◆ Activity ◆
Without the images, set down each entry exactly.

[Start of Attachment]

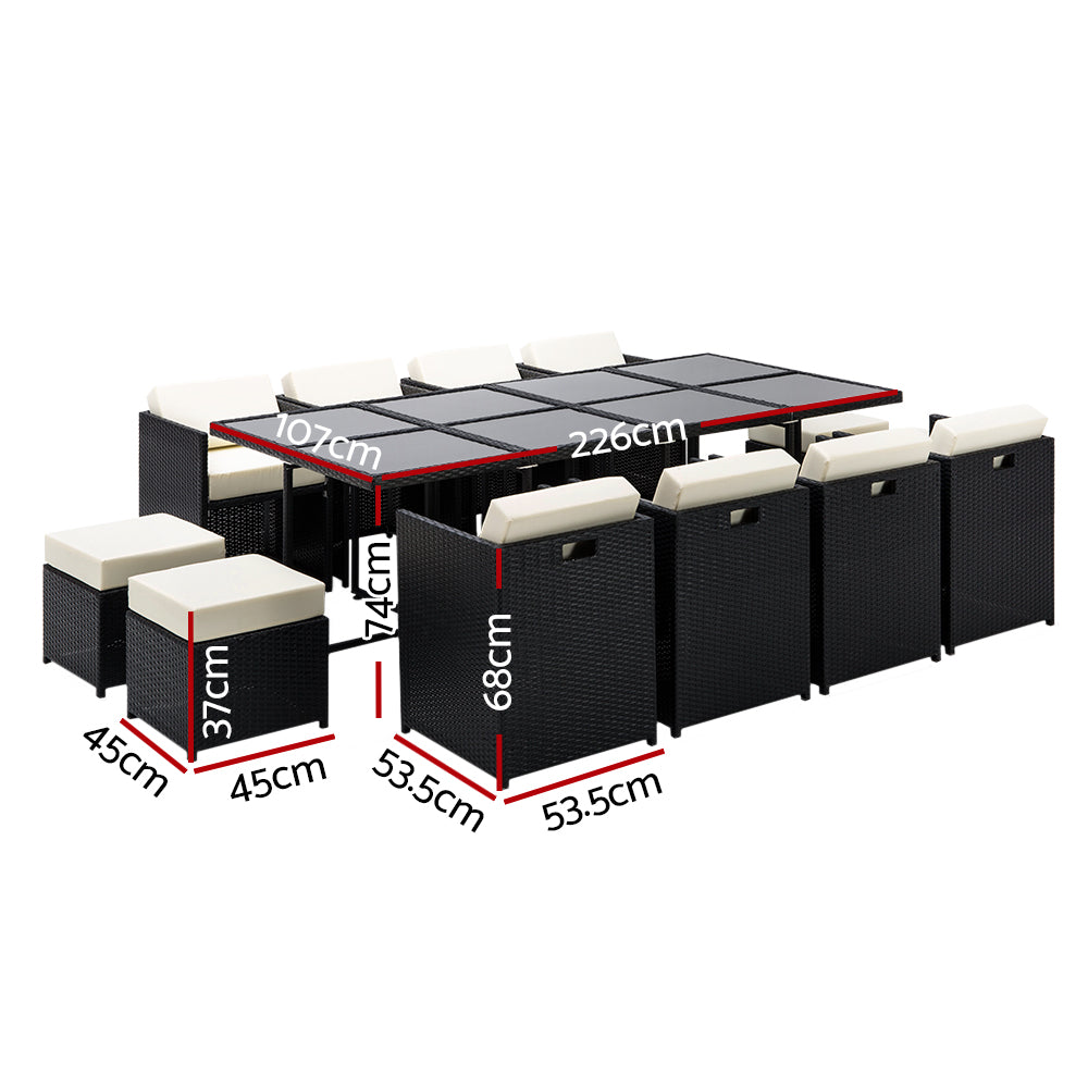 If you're one who likes to appreciate the outdoors, you'll simply love our stylish and yet affordable Hayman 13-piece Dining Set. Designed to seat everyone with the utmost comfort, our Dining Set is padded with high density foam seat cushions for generous support. The frame itself is also made of heavy-duty powder coated aluminium and covered with UV-resistant PE wicker to keep in in great shape in any weather condition. Needless to say, they're made to last. And there’s more.
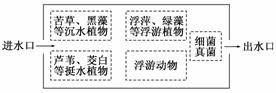 由于经济发展和人口增长,污水排放量增加。为解决嘉兴市区生活饮用水问题,某水厂建设了水源生态湿地。下面为人工湿地群落组成简图,请据图回答问题:
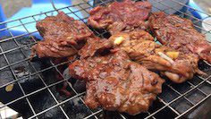 - Cuối cùng là nướng thịt. Xẻo từng miếng thịt mỏng nướng trên lửa than, nướng vừa chín không quá khét và thưởng thức.
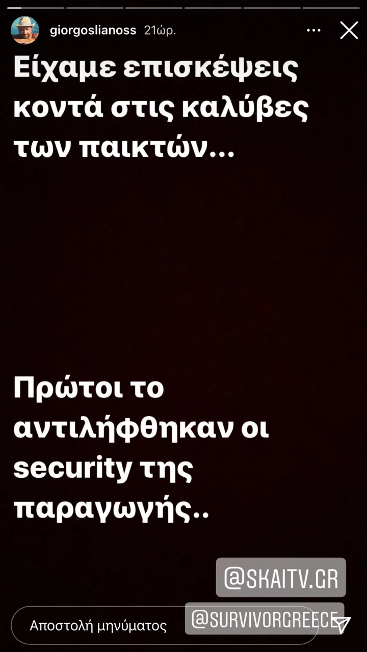 Και συμπλήρωσε ότι το ιγκουάνα έγινε αντιληπτό από security της παραγωγής ενώ τράβηξε το βίντεο την ώρα που ήταν κοντά στις καλύβες των παικτών!
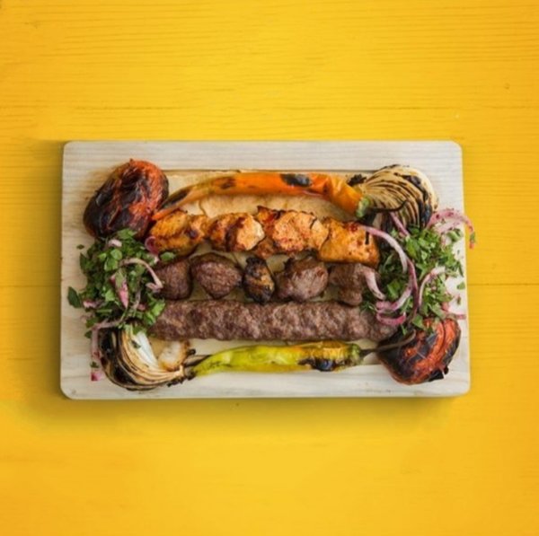All meals are served with rice or fries, grilled tomatoes, grilled onions, toasted bread
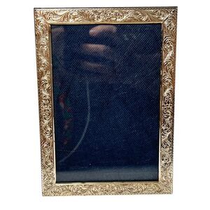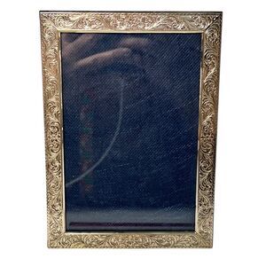 Shiny and burnished silver tone metal alloy.
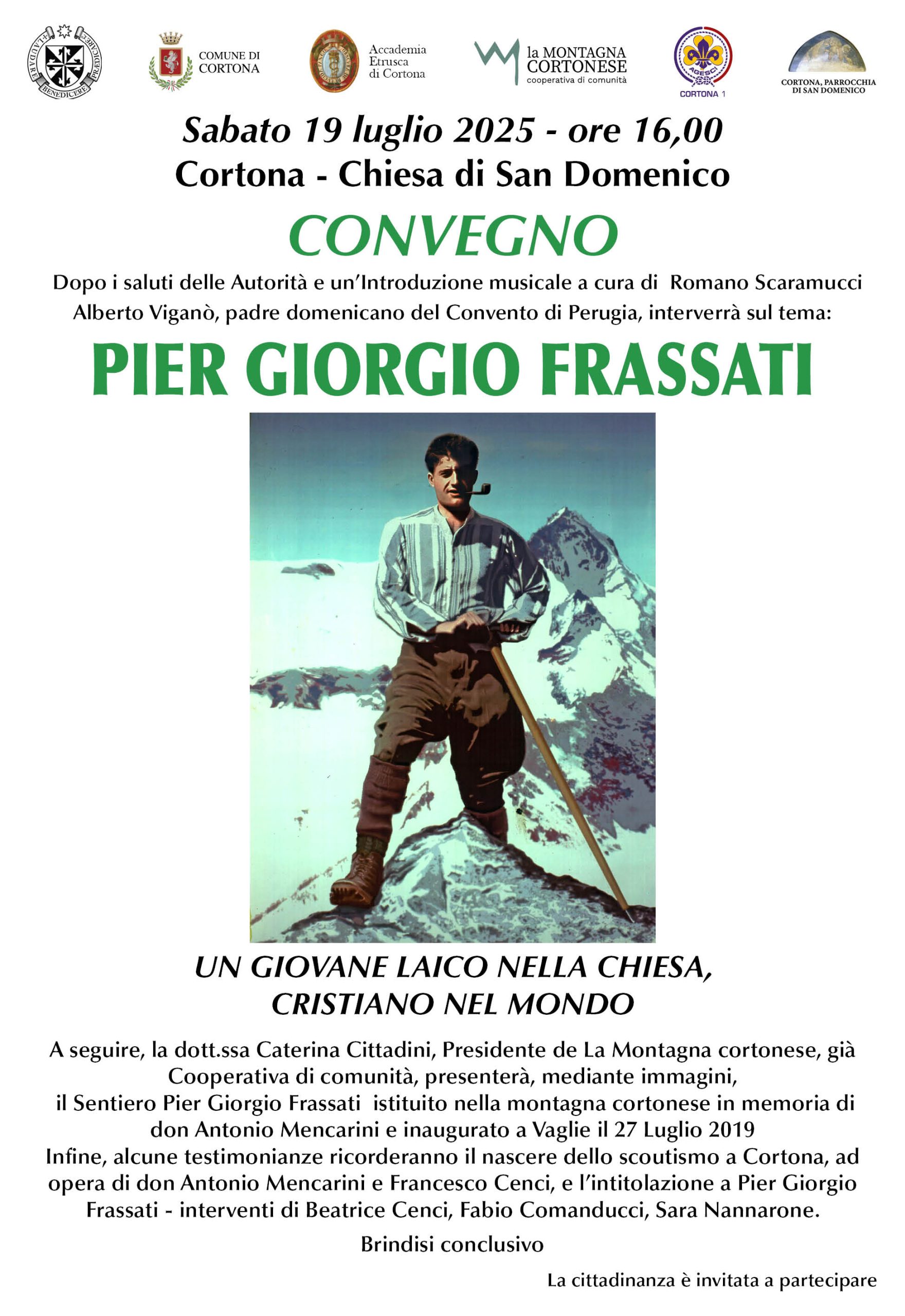 Infine, alcune testimonianze ricorderanno il nascere dello scoutismo a Cortona, ad opera di don Antonio Mencarini e Francesco Cenci, e l’intitolazione a Pier Giorgio Frassati – interventi di Beatrice Cenci, Fabio Comanducci, Sara Nannarone.

[End of Attachment]

◆ Exercise response ◆
 If you're one who likes to appreciate the outdoors, you'll simply love our stylish and yet affordable Hayman 13-piece Dining Set. Designed to seat everyone with the utmost comfort, our Dining Set is padded with high density foam seat cushions for generous support. The frame itself is also made of heavy-duty powder coated aluminium and covered with UV-resistant PE wicker to keep in in great shape in any weather condition. Needless to say, they're made to last. And there’s more.
 由于经济发展和人口增长,污水排放量增加。为解决嘉兴市区生活饮用水问题,某水厂建设了水源生态湿地。下面为人工湿地群落组成简图,请据图回答问题:
 - Cuối cùng là nướng thịt. Xẻo từng miếng thịt mỏng nướng trên lửa than, nướng vừa chín không quá khét và thưởng thức.
 Και συμπλήρωσε ότι το ιγκουάνα έγινε αντιληπτό από security της παραγωγής ενώ τράβηξε το βίντεο την ώρα που ήταν κοντά στις καλύβες των παικτών!
All meals are served with rice or fries, grilled tomatoes, grilled onions, toasted bread
 Shiny and burnished silver tone metal alloy.
 Infine, alcune testimonianze ricorderanno il nascere dello scoutismo a Cortona, ad opera di don Antonio Mencarini e Francesco Cenci, e l’intitolazione a Pier Giorgio Frassati – interventi di Beatrice Cenci, Fabio Comanducci, Sara Nannarone.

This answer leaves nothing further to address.